# REQUIREMENT
Copy the listing exactly, images excluded.

# SUPPLIED MATERIAL
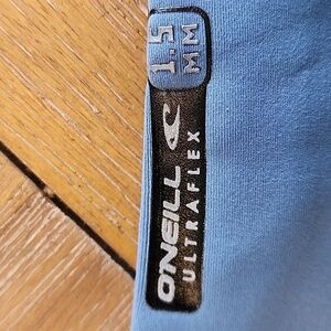 Light blue wetsuit top with black accents. O'Neill logo on chest and sleeve. 1.5mm. White spot on the front. Pet friendly home.
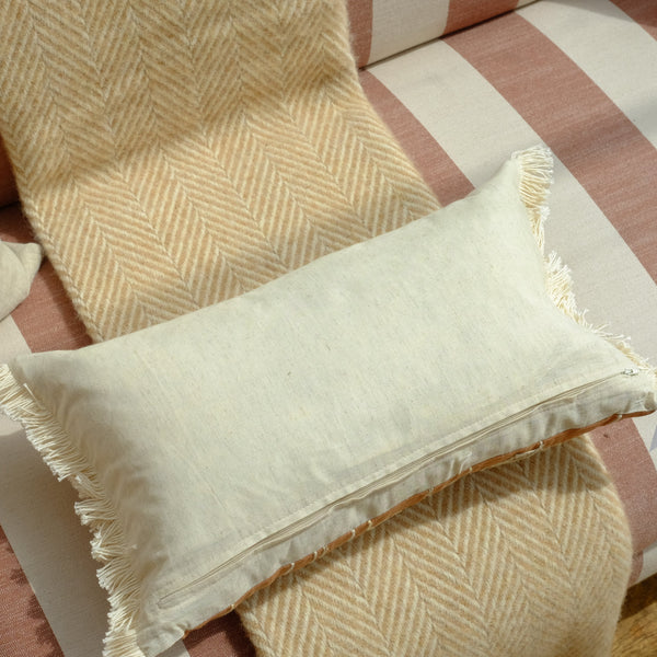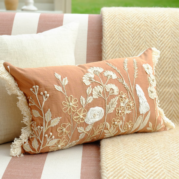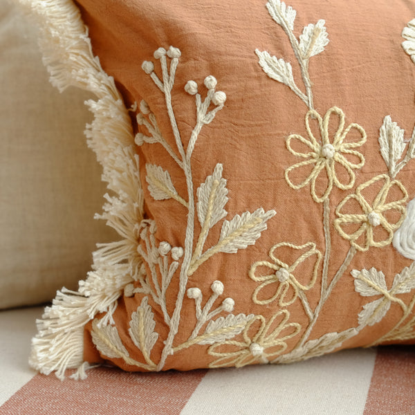 This elegant cushion has beautiful embroidered detail, which adds a subtle yet striking accent to a room. Its rectangular shape makes it perfect for layering with other cushions. The reverse of the cushion is plain cotton.
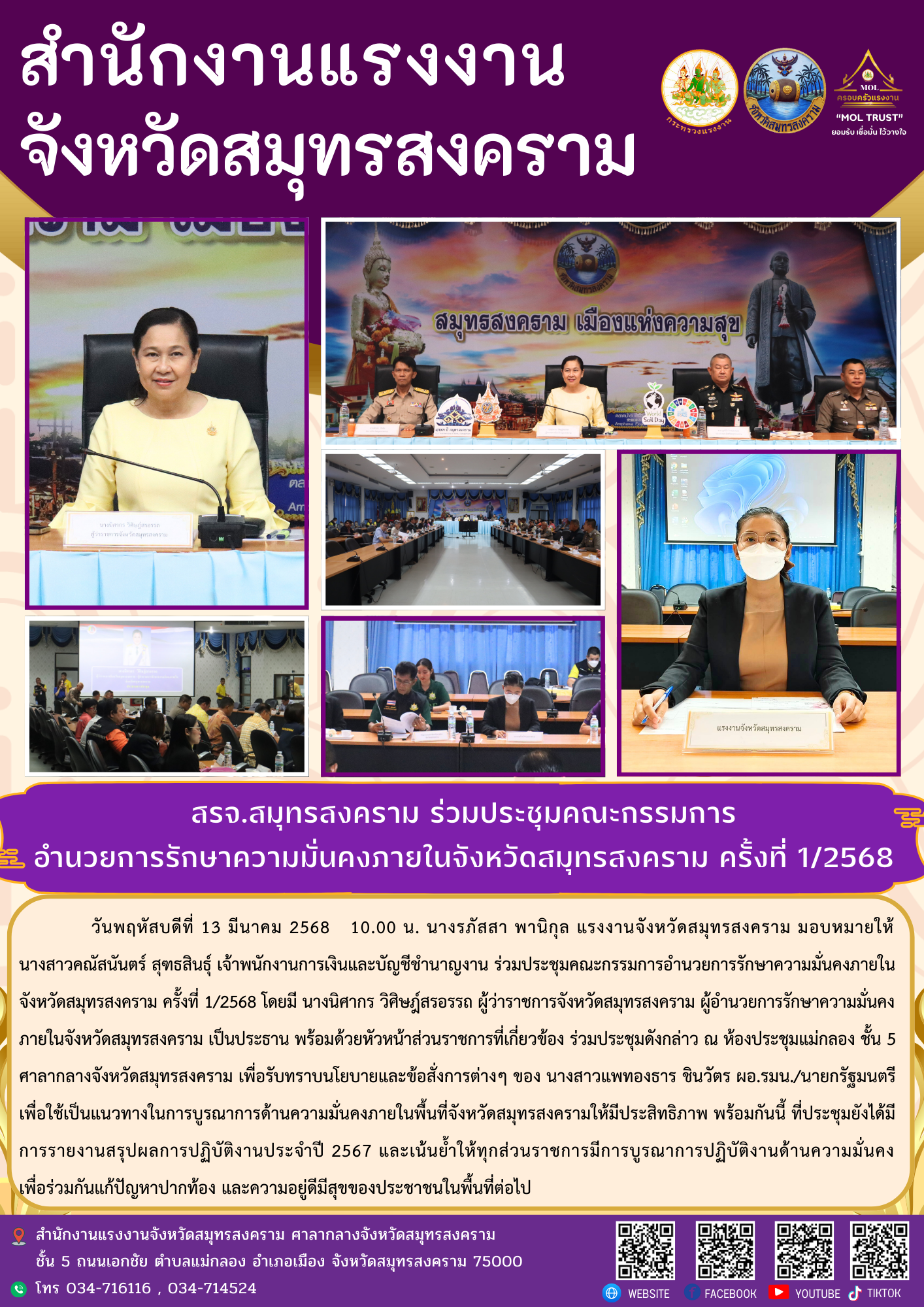 วันพฤหัสบดีที่ 13 มีนาคม 2568 เวลา 10.00 น. นางรภัสสา พานิกุล แรงงานจังหวัดสมุทรสงคราม มอบหมายให้ นางสาวคณัสนันตร์ สุฑธสินธุ์ เจ้าพนักงานการเงินและบัญชีชำนาญงาน ร่วมประชุมคณะกรรมการอำนวยการรักษาความมั่นคงภายในจังหวัดสมุทรสงคราม ครั้งที่ 1/2568 โดยมี นางนิศากร วิศิษฎ์สรอรรถ ผู้ว่าราชการจังหวัดสมุทรสงคราม ผู้อำนวยการรักษาความมั่นคงภายในจังหวัดสมุทรสงคราม เป็นประธาน พร้อมด้วยหัวหน้าส่วนราชการที่เกี่ยวข้อง ร่วมประชุมดังกล่าว ณ ห้องประชุมแม่กลอง ชั้น 5 ศาลากลางจังหวัดสมุทรสงคราม เพื่อรับทราบนโยบายและข้อสั่งการต่างๆ ของ นางสาวแพทองธาร ชินวัตร ผอ.รมน./นายกรัฐมนตรี เพื่อใช้เป็นแนวทางในการบูรณาการด้านความมั่นคงภายในพื้นที่จังหวัดสมุทรสงครามให้มีประสิทธิภาพ พร้อมกันนี้ ที่ประชุมยังได้มีการรายงานสรุปผลการปฏิบัติงานประจำปี 2567 และเน้นย้ำให้ทุกส่วนราชการมีการบูรณาการปฏิบัติงานด้านความมั่นคง เพื่อร่วมกันแก้ปัญหาปากท้อง และความอยู่ดีมีสุขของประชาชนในพื้นที่ต่อไป
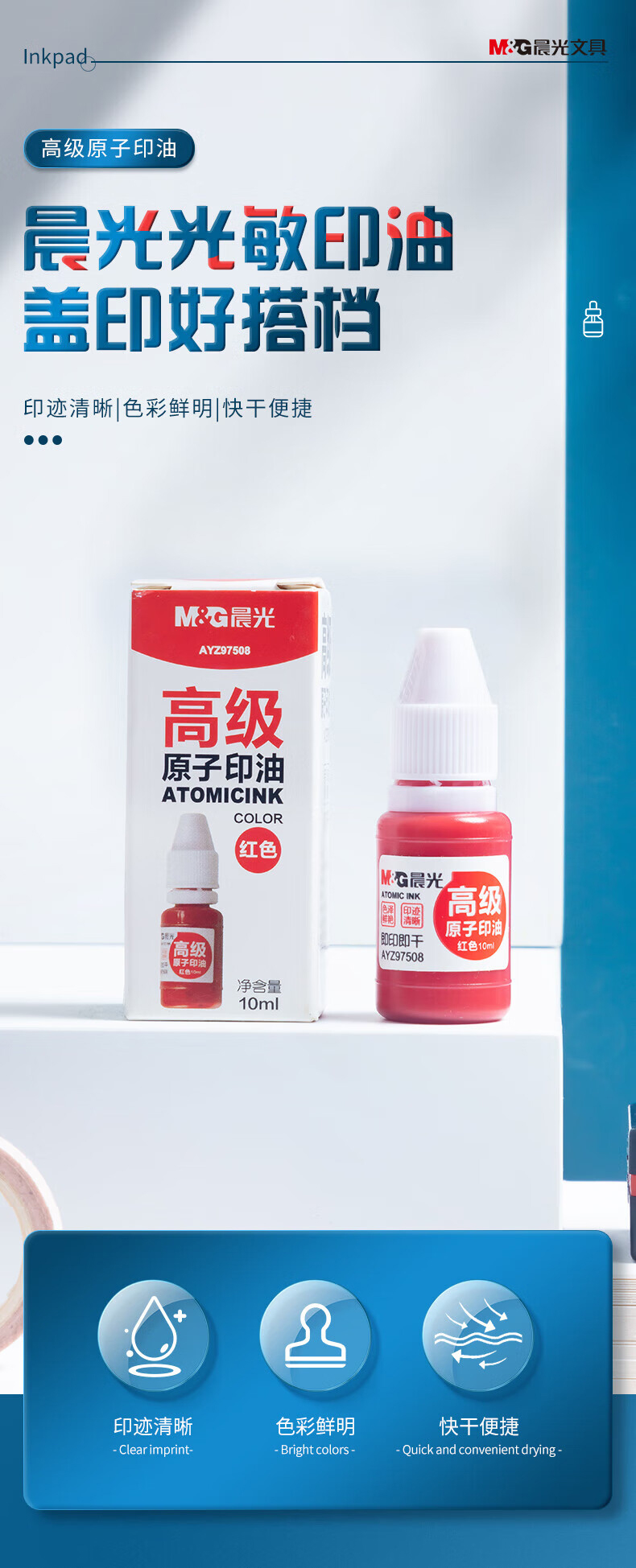 商品名稱:晨光AYZ97508A 原子印油 10ml財務紅色印章印臺專用印油 單瓶裝

# OUTPUT OF THE EXERCISE
 Light blue wetsuit top with black accents. O'Neill logo on chest and sleeve. 1.5mm. White spot on the front. Pet friendly home.
 This elegant cushion has beautiful embroidered detail, which adds a subtle yet striking accent to a room. Its rectangular shape makes it perfect for layering with other cushions. The reverse of the cushion is plain cotton.
 วันพฤหัสบดีที่ 13 มีนาคม 2568 เวลา 10.00 น. นางรภัสสา พานิกุล แรงงานจังหวัดสมุทรสงคราม มอบหมายให้ นางสาวคณัสนันตร์ สุฑธสินธุ์ เจ้าพนักงานการเงินและบัญชีชำนาญงาน ร่วมประชุมคณะกรรมการอำนวยการรักษาความมั่นคงภายในจังหวัดสมุทรสงคราม ครั้งที่ 1/2568 โดยมี นางนิศากร วิศิษฎ์สรอรรถ ผู้ว่าราชการจังหวัดสมุทรสงคราม ผู้อำนวยการรักษาความมั่นคงภายในจังหวัดสมุทรสงคราม เป็นประธาน พร้อมด้วยหัวหน้าส่วนราชการที่เกี่ยวข้อง ร่วมประชุมดังกล่าว ณ ห้องประชุมแม่กลอง ชั้น 5 ศาลากลางจังหวัดสมุทรสงคราม เพื่อรับทราบนโยบายและข้อสั่งการต่างๆ ของ นางสาวแพทองธาร ชินวัตร ผอ.รมน./นายกรัฐมนตรี เพื่อใช้เป็นแนวทางในการบูรณาการด้านความมั่นคงภายในพื้นที่จังหวัดสมุทรสงครามให้มีประสิทธิภาพ พร้อมกันนี้ ที่ประชุมยังได้มีการรายงานสรุปผลการปฏิบัติงานประจำปี 2567 และเน้นย้ำให้ทุกส่วนราชการมีการบูรณาการปฏิบัติงานด้านความมั่นคง เพื่อร่วมกันแก้ปัญหาปากท้อง และความอยู่ดีมีสุขของประชาชนในพื้นที่ต่อไป
 商品名稱:晨光AYZ97508A 原子印油 10ml財務紅色印章印臺專用印油 單瓶裝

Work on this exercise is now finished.